Legacy planning includes a discussion of how you can utilize wealth for meaning and impact, and how you can purposefully account for family values and closely-held beliefs. It’s a type of planning approach that imparts wisdom to heirs, and guides inherited assets. It can transform your thinking and change the focus from money, material items and legal documents to creating roots and establishing a family narrative. Think about how you would like to positively impact and influence the future generations of your family in ways that extend beyond monetary wealth.
We recommend that you leave a legacy letter. Instead of just leaving “legal documents,” which are certainly important to the process, why not also leave a “personal document,” one that expresses who you are and how you wish to be remembered. A legacy letter can incorporate family history, stories, statements of appreciation, life lessons and anything else you deem important to how you lived your life and became the person you are.

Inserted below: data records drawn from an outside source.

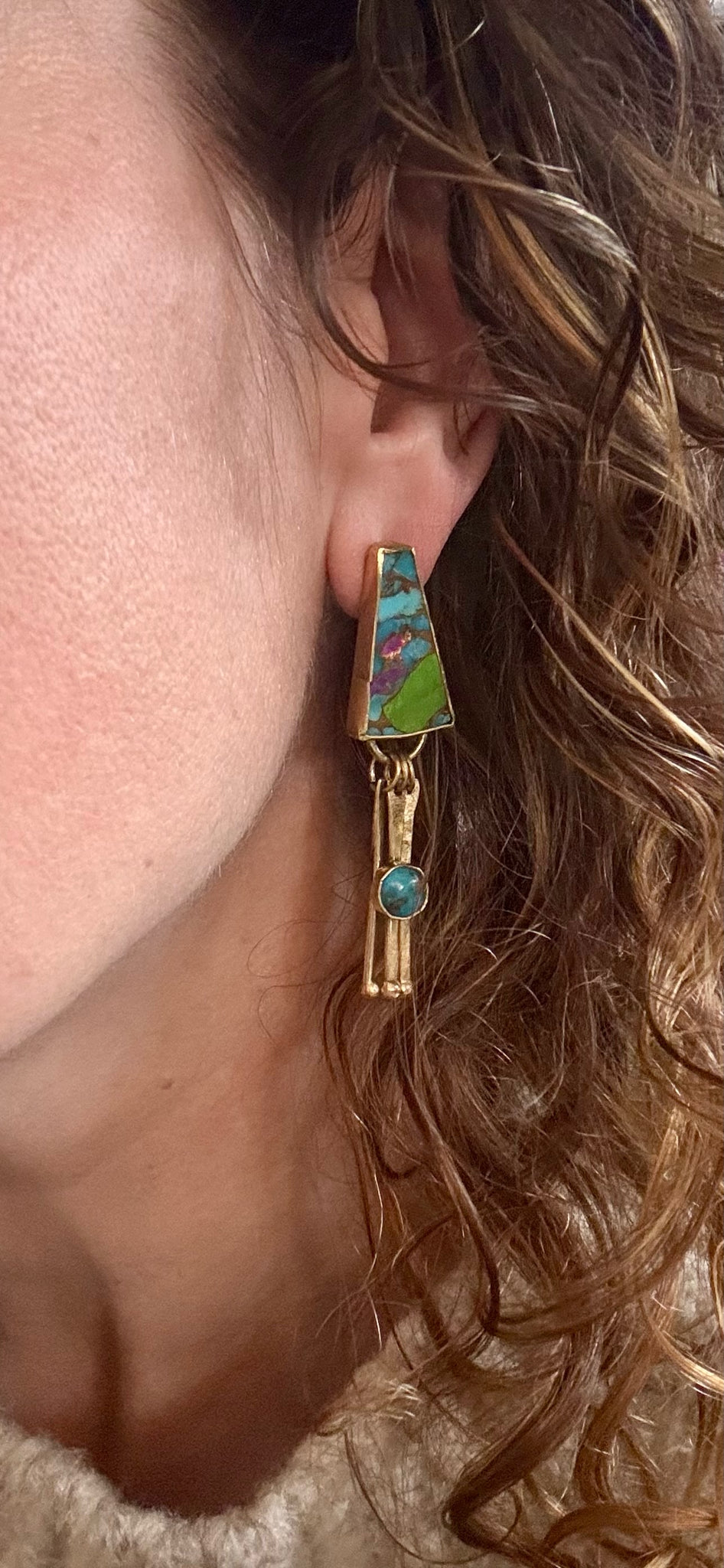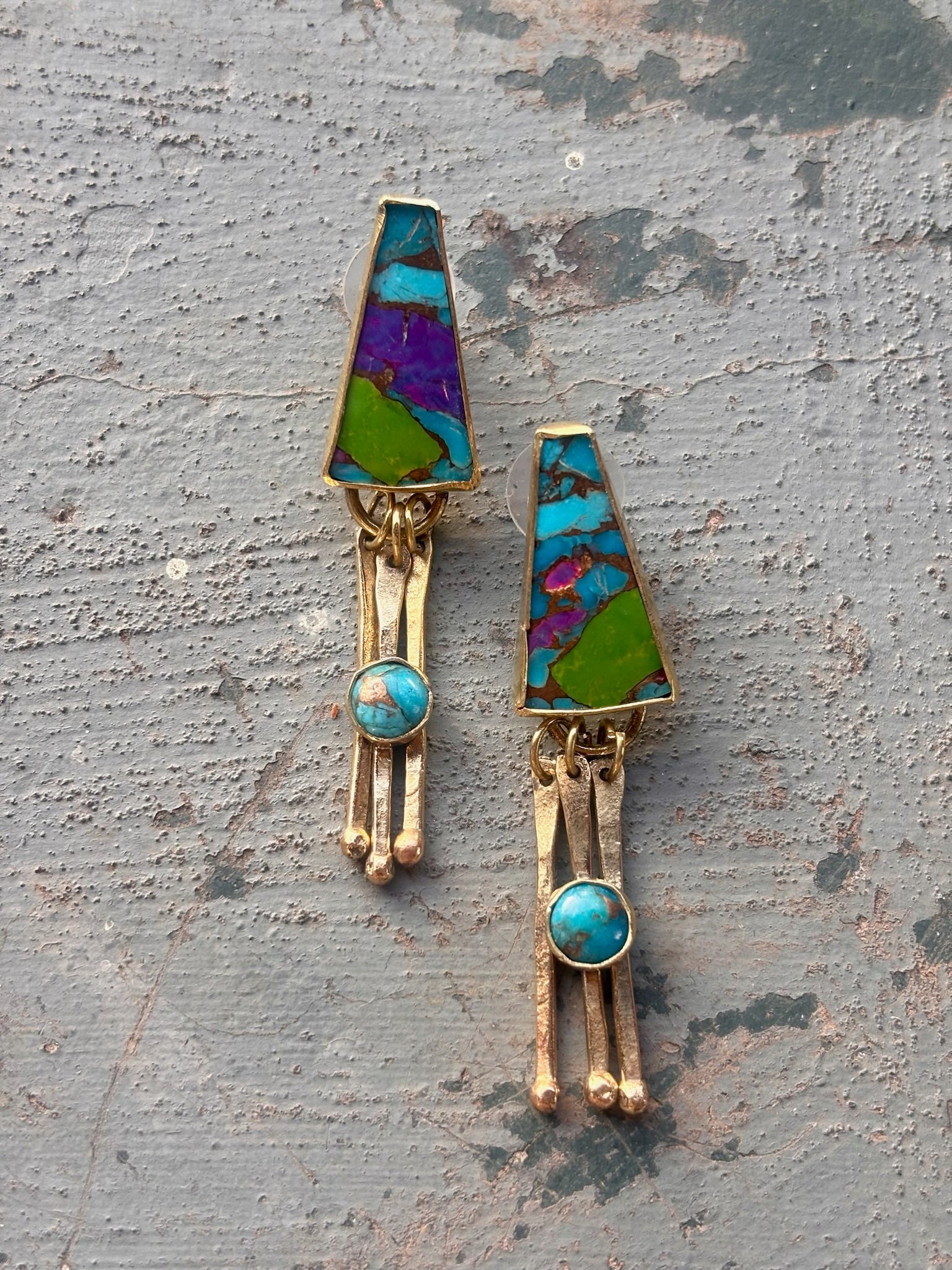 Brass and Oyster Copper Turquoise Earrings
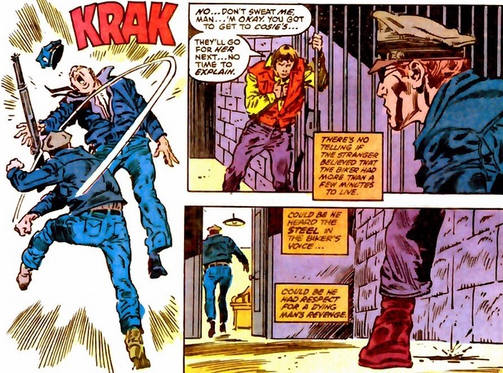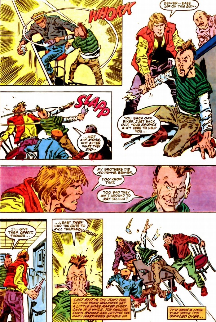 While Scalphunter’s knowledge of philosophy and art borders on extreme apathy, he still notices a weirdo when he sees one. Bad vibes are bad vibes, even from someone who compliments his pig-mush of food. Unfortunately, you can imagine the story doesn’t end with Scalphunter riding his motorcycle freely into the night. That’d be a terribly boring tale.
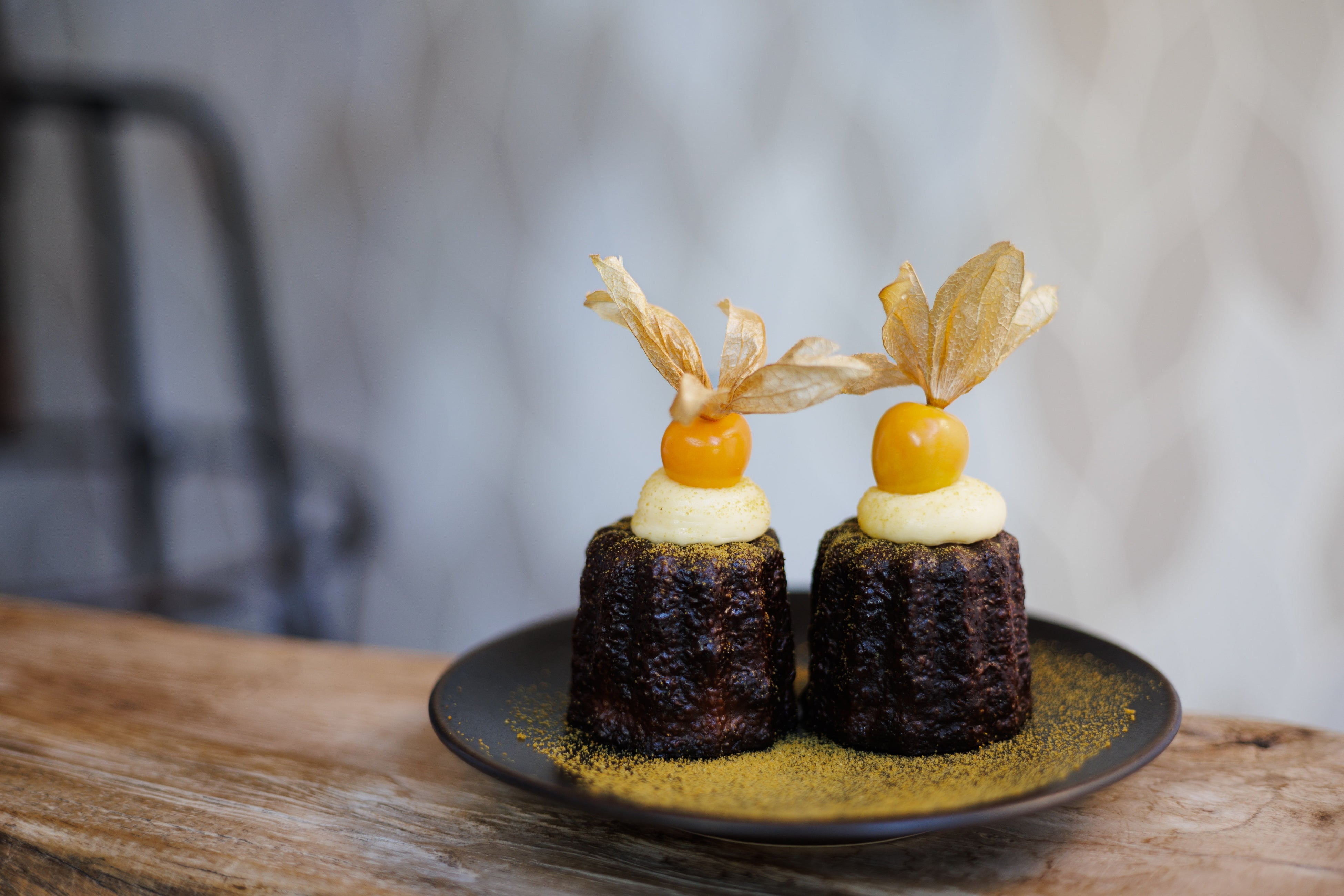 TREE特製カヌレも、鬼灯とマンダリンクリームをトッピングしたケーキ仕立てに。マンダリンクリームの程よい苦味の後で鬼灯の甘酸っぱく爽やかな味わいが口いっぱいに広がる余韻と、カヌレのカリッともっちりした食感とのコンビネーションを楽しめます。

But our values can be hard to capture in language. They seem second nature to us only because we live them every day. Here are some sample questions to help you identify your (perhaps) rarely-spoken moral code and communicate it to the next generation:
- Is there a life event or experience from which you can draw a lesson? For instance, did you bypass an opportunity that you regret not having taken advantage of?
- Do you regret cutting short your education? You can use the legacy letter or video to instruct grandchildren not to do the same.

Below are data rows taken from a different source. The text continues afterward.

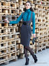 Платье-сарафан, отрезное по талии, к низу зауженное . Сзади-шлица, по переду глубокий круглый вырез, защипы по талии.
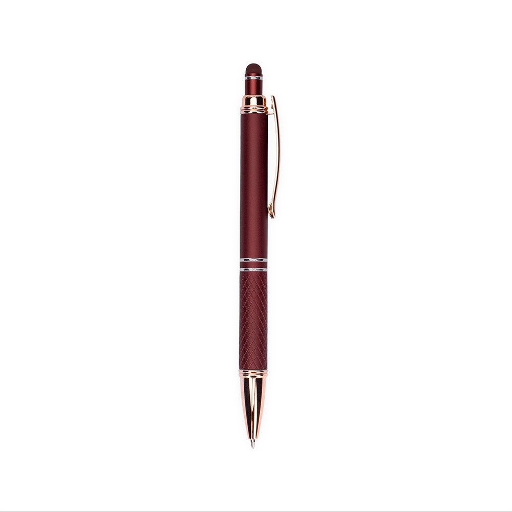 Caneta metálica touchscreen com parte inferior texturizada, acionamento por clique e carga esferográfica azul 1.0mm.
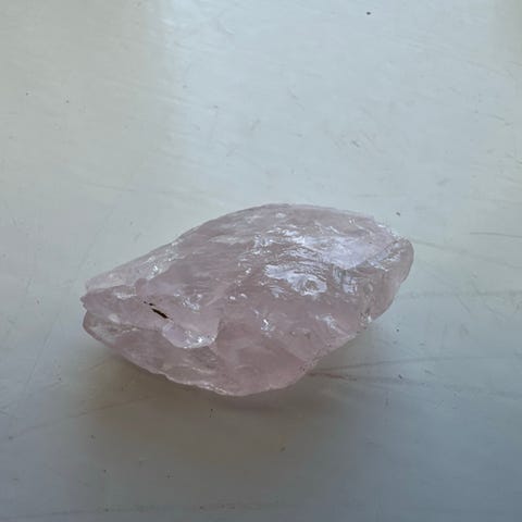 Rosenkvarts poleret sten i lyserød farve. Stenen er afrundet og glat og måler cirka 3 cm i længden, som vist på billedet med målebånd. Velegnet som lommesten, dekoration eller til brug i smykkefremstilling og andre kreative projekter. Vægt: 7 gram.
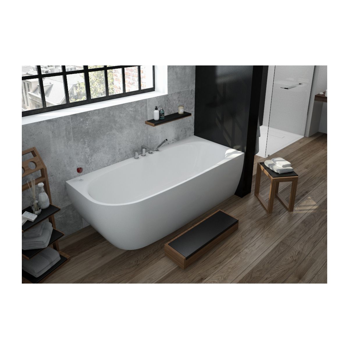 * kompletná pravá rohová vaňa obsahuje: integrovaný prepadový systém s funkciou napúšťania, odtokový systém so zátkou Klick-Klack, pripojovaciu inštalačnú hadicu.
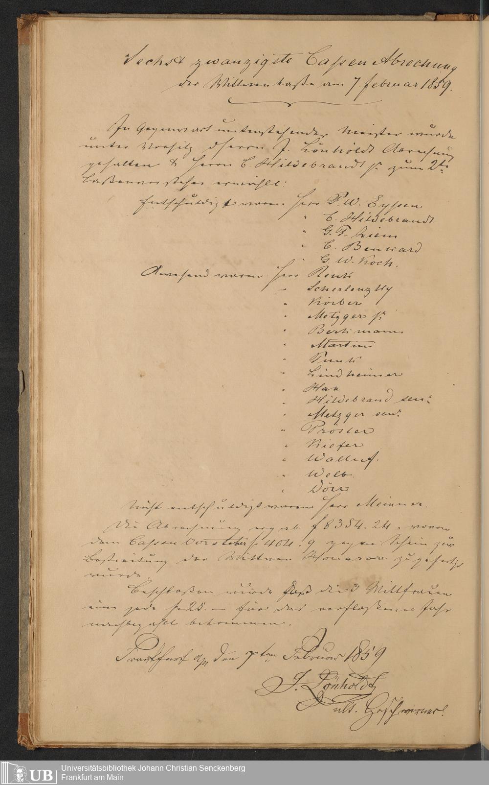 B 5 Dr. Senckenbergische Stiftung, 150 - Protokollbuch der Zimmermeister-Witwenkasse
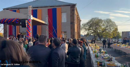 Բեմի վրա ելույթ ունենցավ Արգիշտի Մեխակյանը, ով շնորհակալություն հայտնեց բարեգործին և հայտարարեց, որ վաղը տեղի կունենա ֆուտբոլի դաշտի բացումը։

- Perhaps you feel the need to explain a decision you made or a direction you took.
- Do you want to tell your children how proud you are of them and the choices they’ve made in life?
- Is there something about relationships that you’ve learned over your lifetime that you feel will help your children/grandchildren as they live their lives?
- Are there values you hope your descendants will adopt and live by? Do you want to pass on a life lesson or teach them a moral or ethical principle?
- Do you want to record a family history and impart lessons you learned along the way?
- Maybe you just want to say ‘thank you’ for the support they’ve given and the love they’ve demonstrated throughout their lives.